▶ _Task requirements_
Would you please set down the data again exactly as given, excluding the pictures?

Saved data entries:
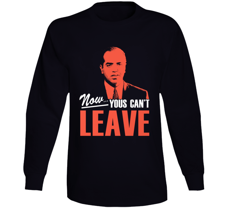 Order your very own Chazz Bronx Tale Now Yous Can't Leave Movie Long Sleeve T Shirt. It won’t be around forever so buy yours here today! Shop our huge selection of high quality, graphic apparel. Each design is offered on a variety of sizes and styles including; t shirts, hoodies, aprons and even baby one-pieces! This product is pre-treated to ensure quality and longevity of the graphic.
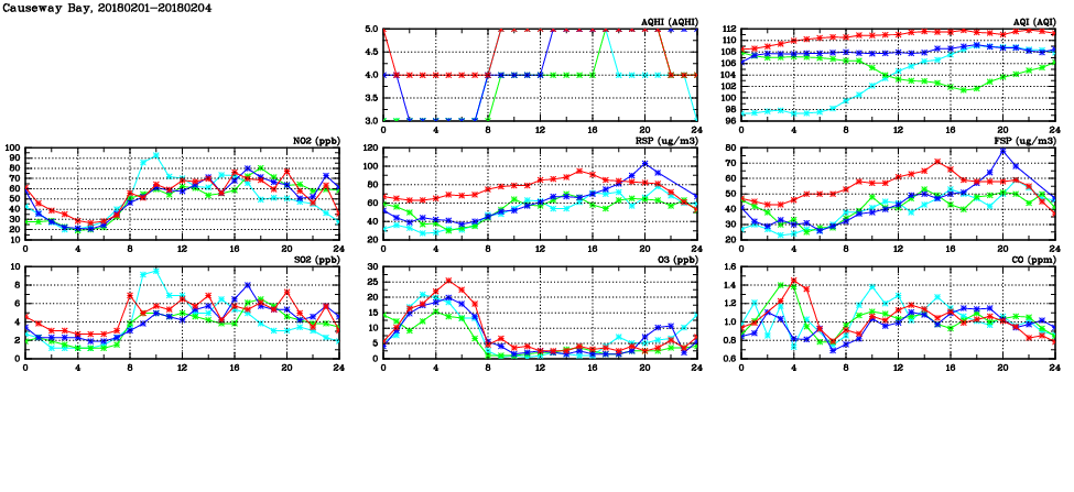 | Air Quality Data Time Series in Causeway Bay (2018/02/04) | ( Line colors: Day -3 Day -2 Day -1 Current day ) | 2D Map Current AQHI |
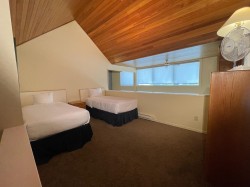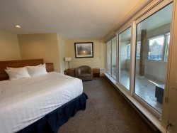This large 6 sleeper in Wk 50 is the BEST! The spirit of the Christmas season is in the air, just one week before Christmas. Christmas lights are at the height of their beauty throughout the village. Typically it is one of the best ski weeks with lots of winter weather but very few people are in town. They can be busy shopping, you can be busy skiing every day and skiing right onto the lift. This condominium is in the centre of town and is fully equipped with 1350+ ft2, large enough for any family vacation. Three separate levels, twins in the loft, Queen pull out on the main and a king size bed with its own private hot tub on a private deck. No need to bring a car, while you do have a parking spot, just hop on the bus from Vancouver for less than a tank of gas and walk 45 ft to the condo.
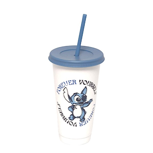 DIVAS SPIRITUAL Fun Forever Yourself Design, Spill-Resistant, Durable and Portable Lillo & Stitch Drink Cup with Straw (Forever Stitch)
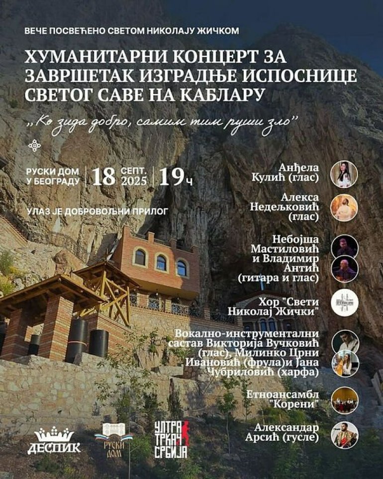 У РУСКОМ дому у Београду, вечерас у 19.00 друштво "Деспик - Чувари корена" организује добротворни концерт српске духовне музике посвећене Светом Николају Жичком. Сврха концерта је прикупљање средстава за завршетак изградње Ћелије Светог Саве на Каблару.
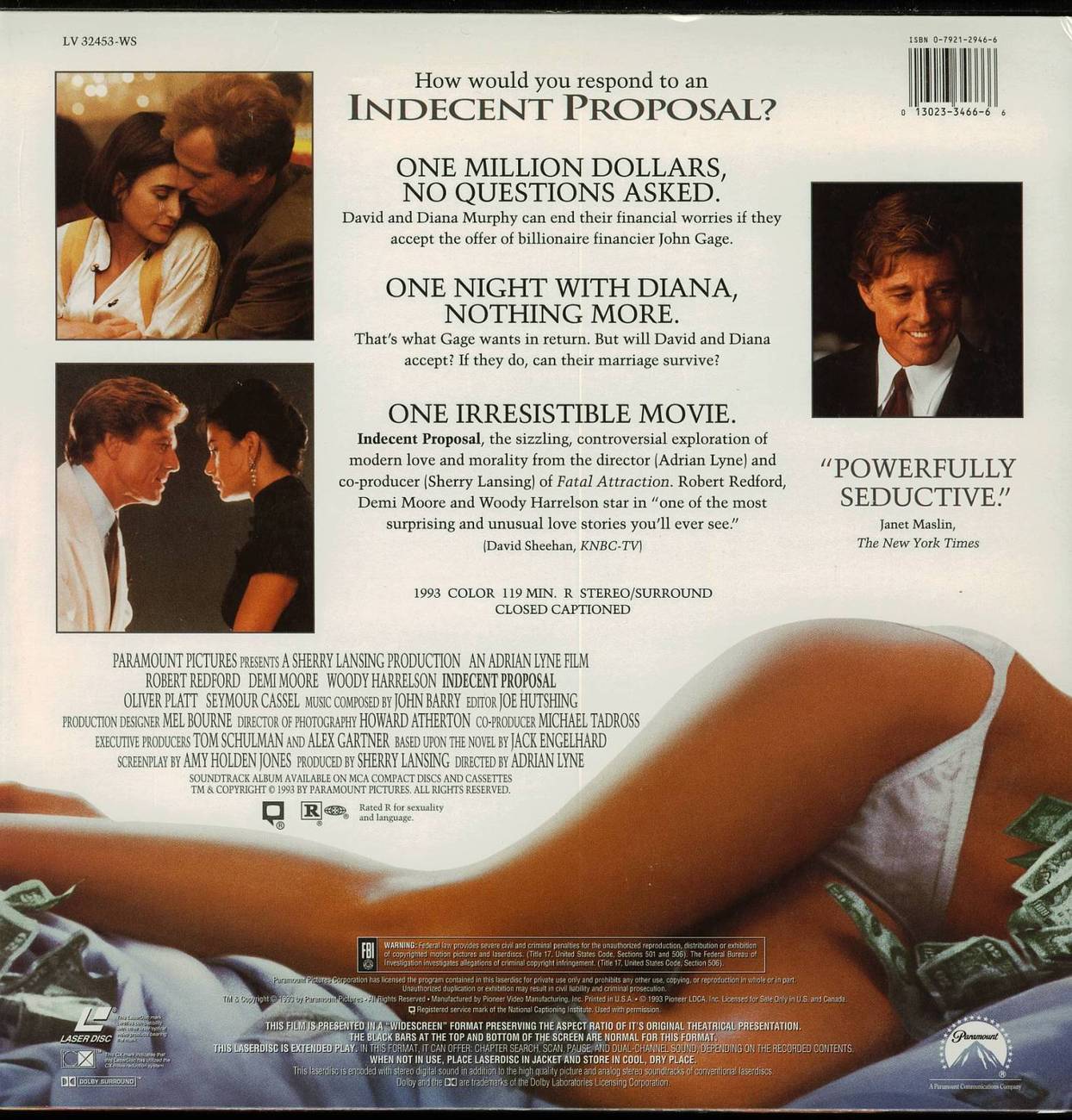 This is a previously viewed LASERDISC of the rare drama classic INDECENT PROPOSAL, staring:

▶ _The answer_
 Order your very own Chazz Bronx Tale Now Yous Can't Leave Movie Long Sleeve T Shirt. It won’t be around forever so buy yours here today! Shop our huge selection of high quality, graphic apparel. Each design is offered on a variety of sizes and styles including; t shirts, hoodies, aprons and even baby one-pieces! This product is pre-treated to ensure quality and longevity of the graphic.
 | Air Quality Data Time Series in Causeway Bay (2018/02/04) | ( Line colors: Day -3 Day -2 Day -1 Current day ) | 2D Map Current AQHI |
This large 6 sleeper in Wk 50 is the BEST! The spirit of the Christmas season is in the air, just one week before Christmas. Christmas lights are at the height of their beauty throughout the village. Typically it is one of the best ski weeks with lots of winter weather but very few people are in town. They can be busy shopping, you can be busy skiing every day and skiing right onto the lift. This condominium is in the centre of town and is fully equipped with 1350+ ft2, large enough for any family vacation. Three separate levels, twins in the loft, Queen pull out on the main and a king size bed with its own private hot tub on a private deck. No need to bring a car, while you do have a parking spot, just hop on the bus from Vancouver for less than a tank of gas and walk 45 ft to the condo.
 DIVAS SPIRITUAL Fun Forever Yourself Design, Spill-Resistant, Durable and Portable Lillo & Stitch Drink Cup with Straw (Forever Stitch)
 У РУСКОМ дому у Београду, вечерас у 19.00 друштво "Деспик - Чувари корена" организује добротворни концерт српске духовне музике посвећене Светом Николају Жичком. Сврха концерта је прикупљање средстава за завршетак изградње Ћелије Светог Саве на Каблару.
 This is a previously viewed LASERDISC of the rare drama classic INDECENT PROPOSAL, staring:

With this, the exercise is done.